Washington Post
William O'Keefe
Published August 27, 2006
Crude oil prices hover at historic highs. Consumers face price shock at local gasoline stations. And politicians in Washington scramble to respond. The latest Capitol Hill darling is ethanol, which supporters claim it will reduce dependence on foreign oil -- because it is derived from corn -- and also combat global warming.
Surprisingly, Detroit's big three automakers also are going along for the ride. They are promoting production of "flex-fuel" vehicles, which run on ethanol, as a solution that could lower gas prices and help the environment.
Through a clever combination of marketing and gimmickry that would make P.T. Barnum blush, domestic automakers claim to be "green" while diverting attention away from the real issue: A federal tax loophole is creating an artificial market for ethanol, while stifling development of new technologies by automakers that would put more fuel efficient vehicles on the road.
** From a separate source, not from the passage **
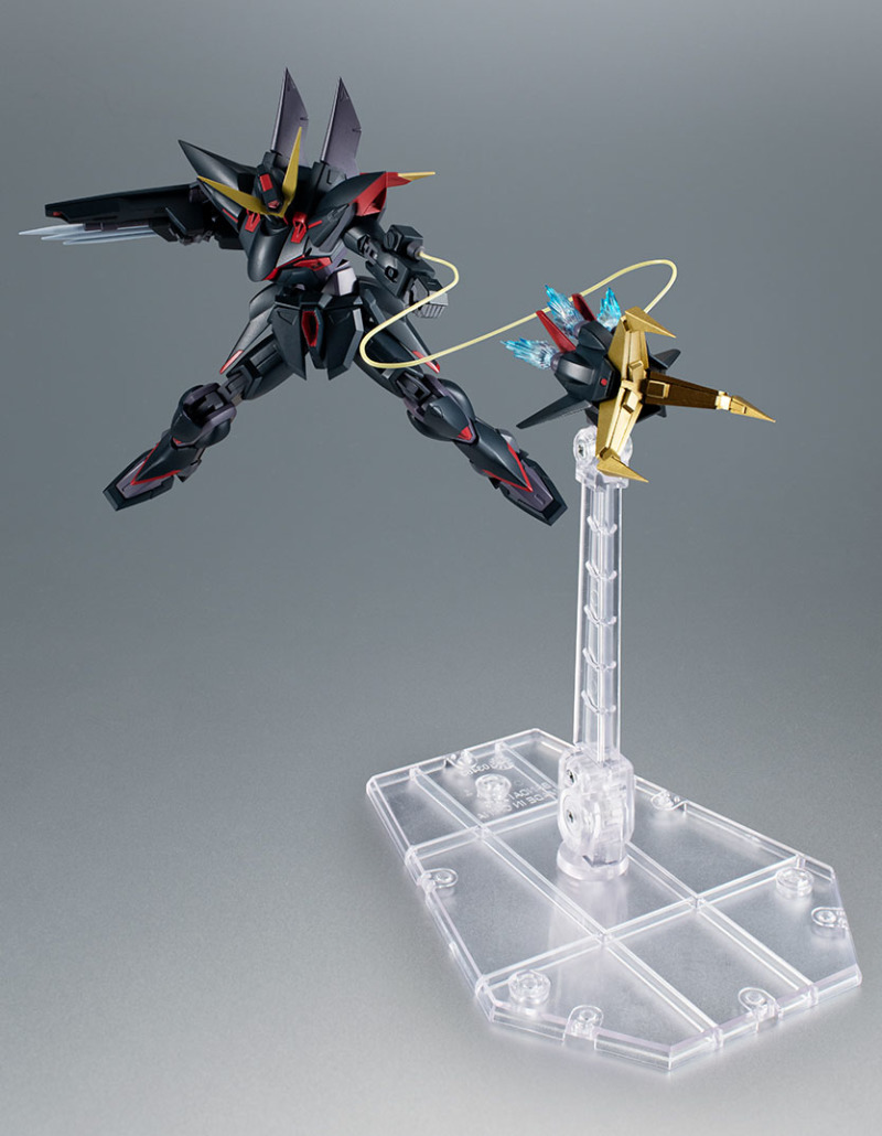 「ROBOT魂 电击钢弹 ver. A.N.I.M.E.」 基于动画设置彻底再现帅气的漆黑装甲、各部推进器与幻象粒子储藏槽,并施以多数更具厚重感的金、银色涂装表现金属质感。 全机运用系列特征的灵活可动机构,包含能与肩关节连动的胸部装甲左右分割、能够大幅前后摆动的腰部、髋关节滑动与小腿的左右摆动等,能够把玩出极为跃动、帅气的战斗姿态!

Last year's energy legislation mandated that ethanol use in gasoline be increased from roughly 3 billion gallons annually to 7.5 billion by 2012. Recent problems with gasoline availability and price spikes can be traced directly to the shift to ethanol. As a result of this mandate, the price of ethanol has increased from about $1.25 per gallon this spring to almost $3 now.
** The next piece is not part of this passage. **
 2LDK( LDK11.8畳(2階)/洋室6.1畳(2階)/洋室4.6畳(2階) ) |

Once the ethanol mandate was in place, along with its $2 billion annual subsidy, so-called energy independence advocates stepped up the campaign to significantly increase ethanol's use in gasoline from 10 to 85 percent, a blend called E-85.
Domestic automakers have hopped aboard this campaign by pledging to rapidly increase production of E-85 capable vehicles. There now are about 5 million so-called flexible fuel vehicles on the road, but with a total fleet of more than 250 million, automakers see a huge potential market. And they are lobbying Congress to compel refiners to produce and market this fuel in order to spur sales, promising to double production to 2 million vehicles annually if enough E-85 is available.
Automotive and fuel experts, though, know the technology for large scale, cost effective ethanol production is at least a decade or more in the future.
Currently, most ethanol in the United States is made from corn. Despite a subsidy of 51 cents per gallon in place for decades, it only represents about 3 percent of the gasoline pool. The National Corn Growers Association, an ethanol advocate, estimates that by 2015 ethanol production will be about 18 billion gallons. But because ethanol contains less energy than gasoline, that amounts to about 11 billion gallons of gasoline saved -- less than 7 percent of the projected gasoline supply.
And, at what a price? Ethanol costs about $4 per gallon on a gasoline equivalent basis even with the 51-cent per gallon subsidy.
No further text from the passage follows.